John and Paul were not essentialists.  Notice they did not say that “man was God,” but that this particular man, Jesus, was “God.”  Similarly, It was not Jesus’ “humanity” that was “divine” but rather his human life: i.e., how he lived, what he said, the way he said it, what he did, how he defended his message and accepted death, that revealed the “God” that no one knew.  They were not speaking of Jesus being “God” apart from these things … as if he would still be “God” if he had never done any of them.  No.  He was “God” precisely because of what he said and did, the way he lived and died … and his “resurrection” authenticated for Greeks the divinity made visible by the trajectory of his life; for only “God” was immortal.

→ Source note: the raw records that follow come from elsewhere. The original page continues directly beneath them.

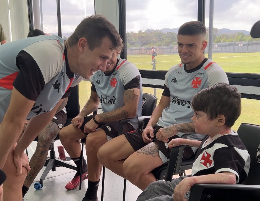 Veja detalhes da visita do pequeno torcedor Gui ao elenco do Vasco no CT Moacyr Barbosa
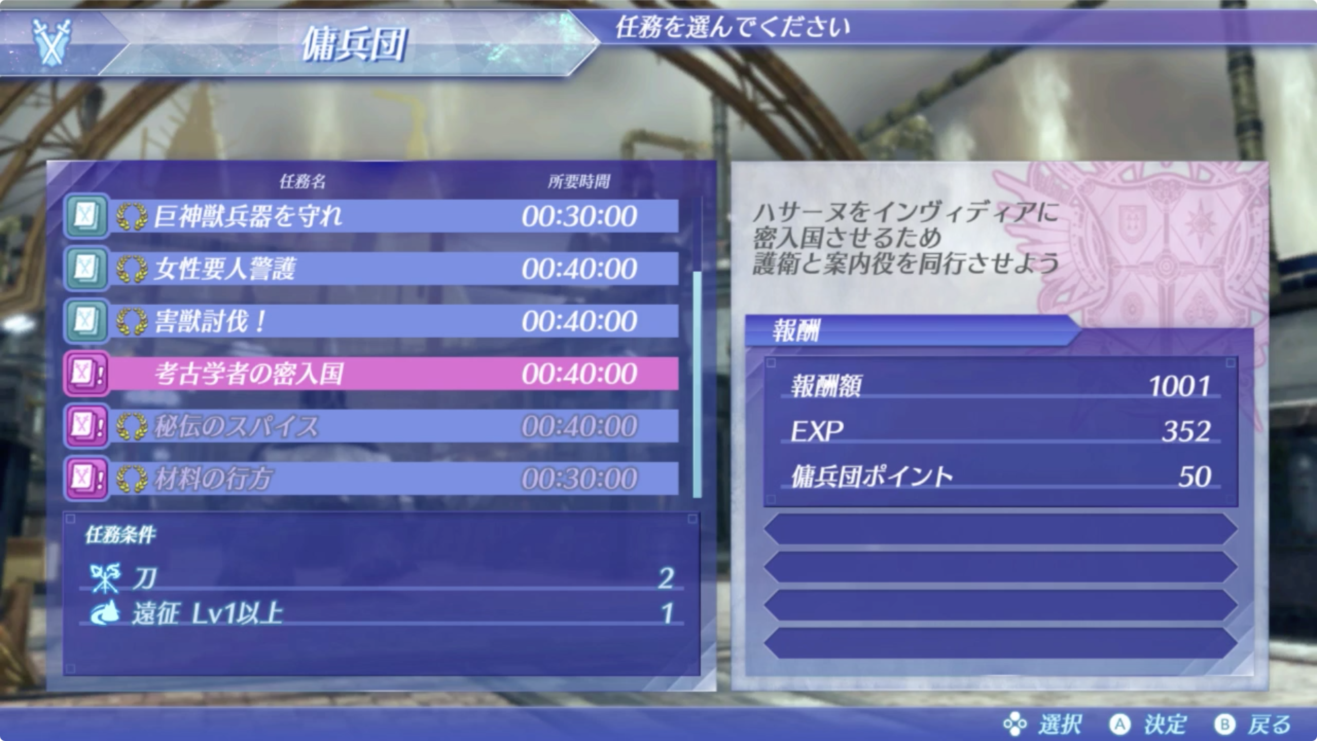 02. 용병단(傭兵団) 임무, 스펠비아의 고고학자의 밀입국(考古学者の密入国)을 완료한다.
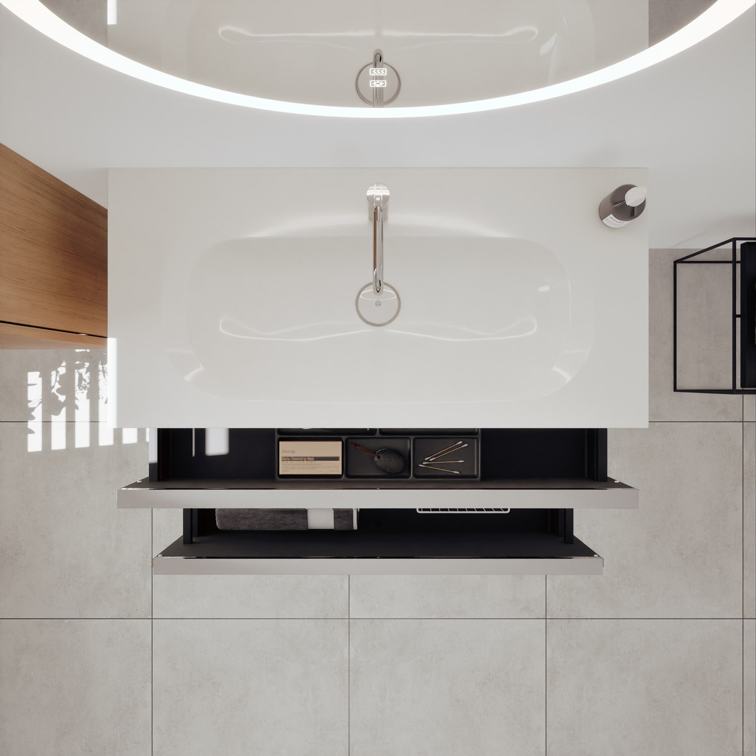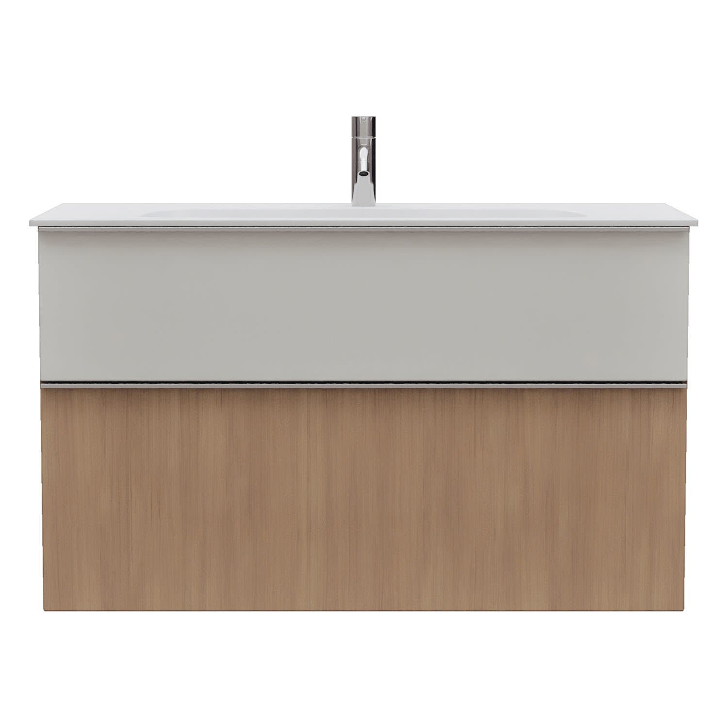 - 1 Schublade oben, 35 cm tief, mit Siphonausschnitt und Inneneinteilung

For John and Paul “God” was a living presence, an energy on display in LIFE … in nature and in the moral / spiritual life of men and women as the manifestation of “God.” “God” was not an entity distinct from Jesus’ human actions and personality.  And Jesus was “God” precisely because his life and actions were the perfect expression of the LIFE-force.  In Philippians, Paul dismisses the relevance of “prior” divinity and emphatically specifies it was Jesus’ human moral achievements that earned him a “name above every name.”  And for the same reason John never suggests “we are in the light” without immediately adding “because we love one another.”  The “divinity” is in the living process — which by reflecting its source also conjures its presence — for there is no difference between what a thing is and what it does; that is the very nature of energy.   Energy is not a “thing” that exists apart from what it does.  “God” is not an entity that exists apart from its energizing action.  “God,” Plato’s “Pure Spirit,” for diaspora Jews like John and Paul, was the energy of LIFE.

Reflecting the LIFE-force in lived human attitudes and behavior meant that this particular man embodied “God;” he personified “God” in material form; he was … “God-made-flesh.”  But that does not preclude the possibility that others may also engage so thoroughly with the LIFE-force that they too become “God-with-us.”  “You can be sure,” John says, “that every one that does right is born of ‘God’.”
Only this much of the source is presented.